Les pauvres encore relégués aux oubliettes

Un peuple, comme le peuple acadien, doit continuellement être en mouvement, car s’il demeure statique, il régresse. On est plusieurs à penser que l’Acadie passe actuellement une autre période de morosité. On dirait que ça ne bouge plus.

Pendant ce temps-là, on a un gouvernement minoritaire qui se comporte comme s’il était majoritaire. Il commence déjà à bousculer le filet social en s’attaquant aux plus pauvres et à l’éducation. On ne peut rester coi, par rapport à cela.

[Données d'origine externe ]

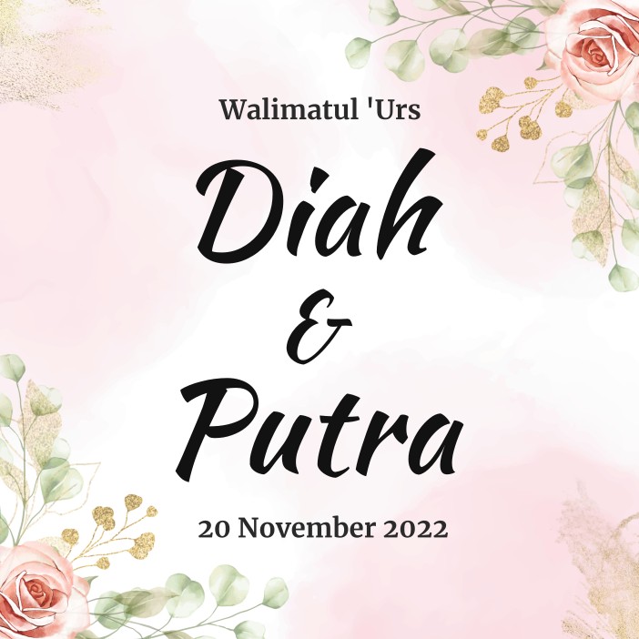 Walimatul ‘Urs Diah & Putra 20 November 2022 Swipe Up Assalāmu‘alaikum wa raḥmatullāhi wa barakātuh. Segala puji bagi Allah yang telah menciptakan mahkluk-Nya berpasang-pasangan. Kami bermaksud mengundang bapak/ibu/saudara/i dalam acara pernikahan kami: Diah Ayu lestari Putri ketiga dari Bapak Sukino dan Ibu Suriptiani & Moh Putra Pradipta Duwila Putra pertama Bapak Jalal Duwila, S. H […]

L’attaque la plus brutale se situe au niveau de la petite enfance. Il est révoltant que l’on continue à traiter les monitrices de garderie comme des éducatrices de deuxième zone, des laissées pour compte.

Et pourtant, le monde de la psychologie clame sur tous les toits depuis des décennies, que tout se passe avant l’âge de six ans.

Négliger les services de garde, c’est négliger la petite enfance, ce qui risque de nous coûter beaucoup plus cher comme société dans un avenir rapproché.

Dans la même lignée, il faut s’indigner qu’encore une fois que l’on coupe en éducation postsecondaire, surtout dans le domaine des sciences infirmières. Comment peut-on d’un côté reconnaître la pénurie profonde d’infirmières et de l’autre, cibler des coupures dans la formation nécessaire de plus d’infirmières pour enrayer cette pénurie endémique? Ça devient difficile de comprendre comment nos dirigeants pensent pour poser des gestes aussi négatifs et incompréhensibles.

Il y avait un bon programme d’accessibilité aux études postsecondaires qui permettaient aux enfants des familles moins nantis de faire des études. Au lieu de maintenir le cap sur l’éducation publique, on ne trouve pas mieux de répartir le peu de fonds disponibles à un plus grand éventail de postulants, dont ceux du privé.

Ces choix idéologiques devraient nous inquiéter, les pauvres sont encore relégués aux oubliettes.

Quand on regarde ce qui se passe au niveau des foyers de soins, il y a matière à désespérer. Comment peut-on traiter si chichement ces employés qui font un travail parmi les plus honorables, soit celui de prendre soin de nos aînés?

Une société est jugée sévèrement sur la façon dont elle traite ses enfants et ses personnes âgées.

Je ne crois pas que ce gouvernement actuel passe le test de l’honorabilité et de la décence.

Ce même gouvernement résiste à la taxe sur le carbone, alors qu’il y a un entendement majoritaire sur le fait que la planète est en décrépitude.

Combien faudra-t-il de signes extérieurs avant que ces sceptiques soient confondus?

Faudra-t-il qu’ils en prennent conscience après que la population de l’Île-du-Prince-Édouard se dote d’un premier gouvernement vert, ouvrant ainsi les écluses pour que d’autres populations suivent cette trace souhaitable?

La seule planète habitable par des humains que l’on connaît est la Mère-Terre, comme le disent les Premières Nations: il faudrait peut-être s’en occuper.

Un gouvernement raisonnable devrait s’atteler à améliorer le sort humain et non pas à le dégrader, comme cela se passe maintenant. Il est décourageant de constater que, malgré tout, ce gouvernement reçoit pour le moment l’assentiment populaire.

Je nous souhaite moins de deux ans de ce régime rétrograde. On est en droit de confondre conservatisme avec régression.